(Items from a dataset)

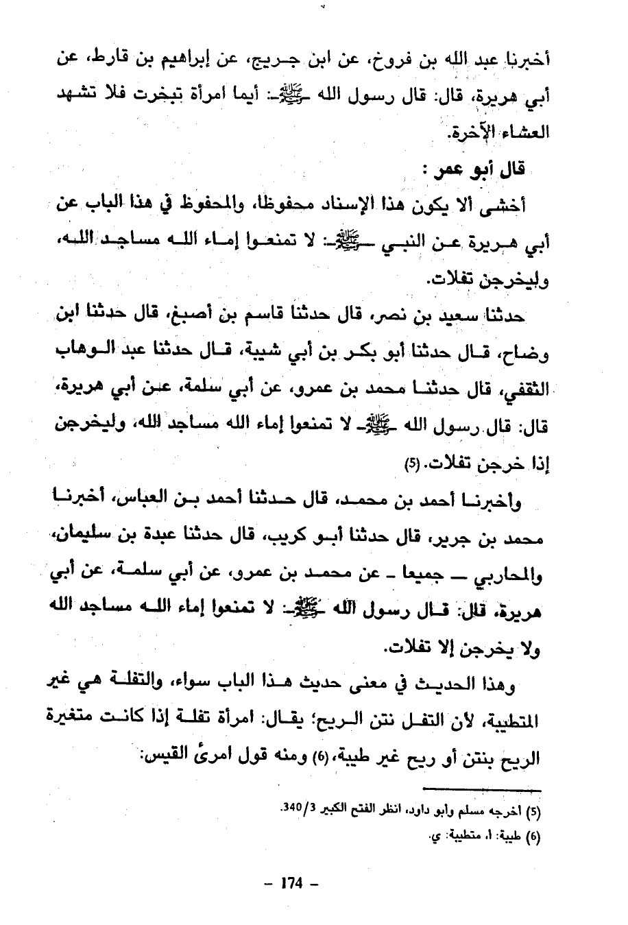 حَدَّثَنَا سَعِيدُ بْنُ نَصْرٍ قَالَ حَدَّثَنَا قَاسِمُ بْنُ أَصْبَغَ قَالَ حَدَّثَنَا ابْنُ وَضَّاحٍ قَالَ حَدَّثَنَا أَبُو بَكْرِ بْنُ أَبِي شَيْبَةَ قَالَ حَدَّثَنَا عَبْدُ الْوَهَّابِ الثَّقَفِيُّ قَالَ حَدَّثَنَا مُحَمَّدُ بْنُ عَمْرٍو عَنْ أَبِي سَلَمَةَ عَنْ أَبِي هُرَيْرَةَ قَالَ قَالَ رَسُولُ اللَّهِ صَلَّى الله عليه وسلم لا تَمْنَعُوا إِمَاءَ اللَّهِ مَسَاجِدَ اللَّهِ وَلْيَخْرُجَنَّ إِذَا خرجن تفلات
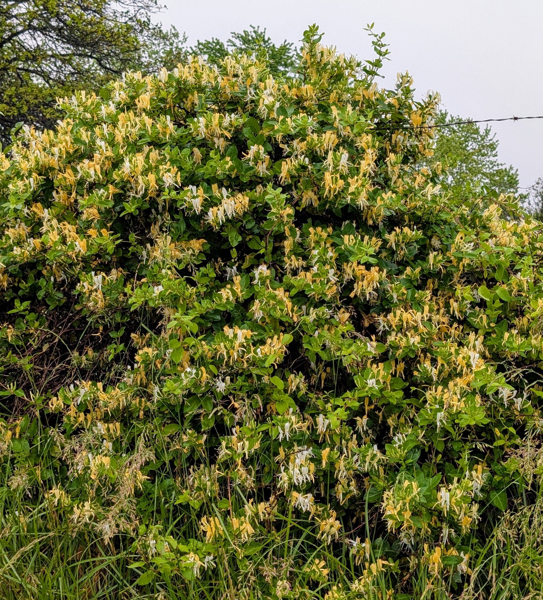This Japanese honeysuckle (Lonicera japonica) is growing on a roadside in Sherrill Township, Missouri, partly supported by a barbed-wire fence. Japanese honeysuckle, together with other invasive vines, often thrives along roadsides and other edge habitats where management practices remove ground-level herbaceous plants, but a vine rooted in a protected area farther back than the management zone is able to climb structures such as fences, trees, and shrubs, and then overhang the edge.
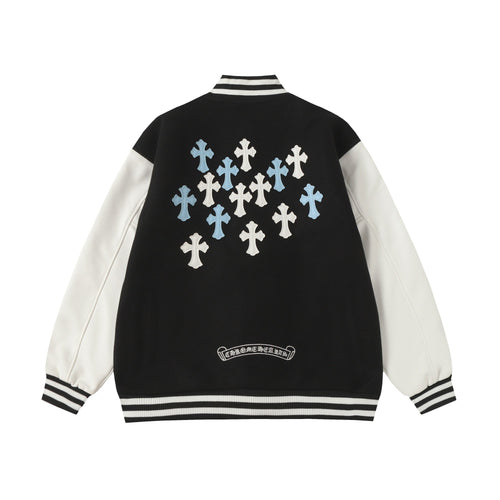 Chrome Hearts Layered Cross Varsity Jacket - Black White Street Style Outerwear 2208 -
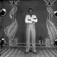18. EAP054/1/104/149 Reference (shelfmark): EAP054/1/104/149 Title: Recreational photograph [c 1983] Scope & Content: Young man from Bamendjinda standing, in white, suit, left hand on plastic tree. Format of original: 54mm x 59mm plastic negative Collection Area: Endangered Archives Programme Languages: Not applicable Date Range: c 1983 Extent: 1 TIFF image
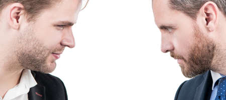 Man face portrait, banner with copy space. business competition. arguing businesspeople. dissatisfied men discuss failure.
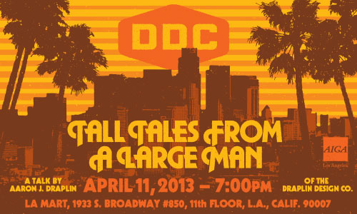 Using scientific proof and state-of-the-art multimedia techniques, Aaron James Draplin of the Draplin Design Co. delivers a sucker punch of a talk that aims to provide bonafide proof of work, the highs and lows of a ferociously independent existence and a couple of tall tales from his so-called career in the cutthroat world of contemporary graphic design. Just a regular American guy with a trajectory a little dirtier than yours, his talk is open to all incomers brave enough to show up. If you are a youngster, you may find yourself inspired to attack your design future in a different way. If you are established, you may just leave feeling grateful you don’t have anything to do with him. Hard to say. All Los Angeles champion citizens are invited to attend. Be there!
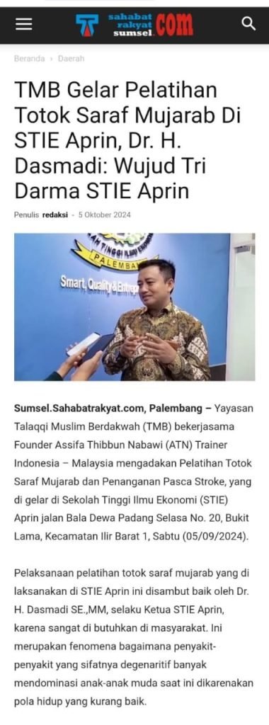 Ketua Sekolah Tinggi Ilmu Ekonomi APRIN baru-baru ini merilis opini di Tribun Sumsel dengan judul
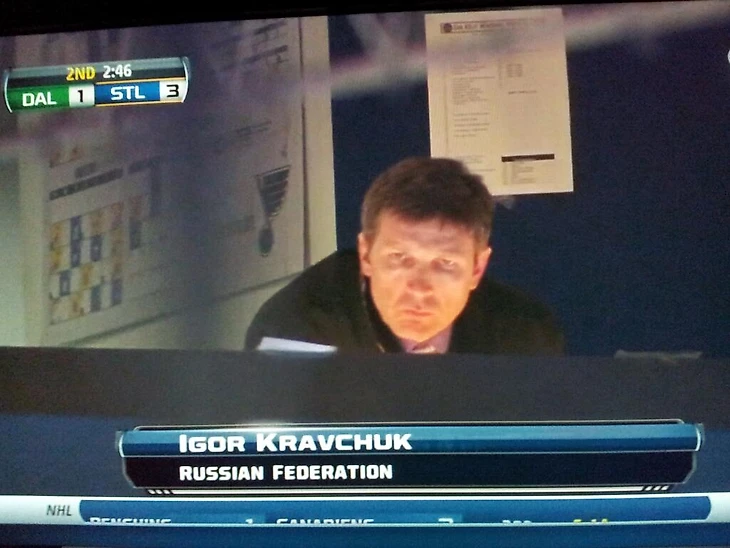 Игорь Кравчук заскочил на матч между «Далласом» и «Сент-Луисом». Игрой Тарасенко и Ничушкина он должен быть доволен.
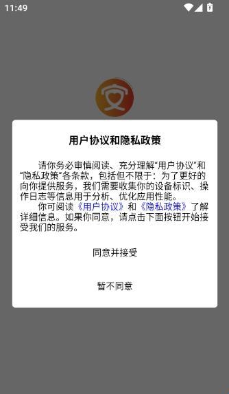 1、首先打开应用点击“同意并接受”按钮来进入app中。

▸ Directions: Go through the data above and transcribe it in full, omitting any image.

▸ Output of the task:
 حَدَّثَنَا سَعِيدُ بْنُ نَصْرٍ قَالَ حَدَّثَنَا قَاسِمُ بْنُ أَصْبَغَ قَالَ حَدَّثَنَا ابْنُ وَضَّاحٍ قَالَ حَدَّثَنَا أَبُو بَكْرِ بْنُ أَبِي شَيْبَةَ قَالَ حَدَّثَنَا عَبْدُ الْوَهَّابِ الثَّقَفِيُّ قَالَ حَدَّثَنَا مُحَمَّدُ بْنُ عَمْرٍو عَنْ أَبِي سَلَمَةَ عَنْ أَبِي هُرَيْرَةَ قَالَ قَالَ رَسُولُ اللَّهِ صَلَّى الله عليه وسلم لا تَمْنَعُوا إِمَاءَ اللَّهِ مَسَاجِدَ اللَّهِ وَلْيَخْرُجَنَّ إِذَا خرجن تفلات
This Japanese honeysuckle (Lonicera japonica) is growing on a roadside in Sherrill Township, Missouri, partly supported by a barbed-wire fence. Japanese honeysuckle, together with other invasive vines, often thrives along roadsides and other edge habitats where management practices remove ground-level herbaceous plants, but a vine rooted in a protected area farther back than the management zone is able to climb structures such as fences, trees, and shrubs, and then overhang the edge.
 Chrome Hearts Layered Cross Varsity Jacket - Black White Street Style Outerwear 2208 -
18. EAP054/1/104/149 Reference (shelfmark): EAP054/1/104/149 Title: Recreational photograph [c 1983] Scope & Content: Young man from Bamendjinda standing, in white, suit, left hand on plastic tree. Format of original: 54mm x 59mm plastic negative Collection Area: Endangered Archives Programme Languages: Not applicable Date Range: c 1983 Extent: 1 TIFF image
 Man face portrait, banner with copy space. business competition. arguing businesspeople. dissatisfied men discuss failure.
 Using scientific proof and state-of-the-art multimedia techniques, Aaron James Draplin of the Draplin Design Co. delivers a sucker punch of a talk that aims to provide bonafide proof of work, the highs and lows of a ferociously independent existence and a couple of tall tales from his so-called career in the cutthroat world of contemporary graphic design. Just a regular American guy with a trajectory a little dirtier than yours, his talk is open to all incomers brave enough to show up. If you are a youngster, you may find yourself inspired to attack your design future in a different way. If you are established, you may just leave feeling grateful you don’t have anything to do with him. Hard to say. All Los Angeles champion citizens are invited to attend. Be there!
 Ketua Sekolah Tinggi Ilmu Ekonomi APRIN baru-baru ini merilis opini di Tribun Sumsel dengan judul
 Игорь Кравчук заскочил на матч между «Далласом» и «Сент-Луисом». Игрой Тарасенко и Ничушкина он должен быть доволен.
 1、首先打开应用点击“同意并接受”按钮来进入app中。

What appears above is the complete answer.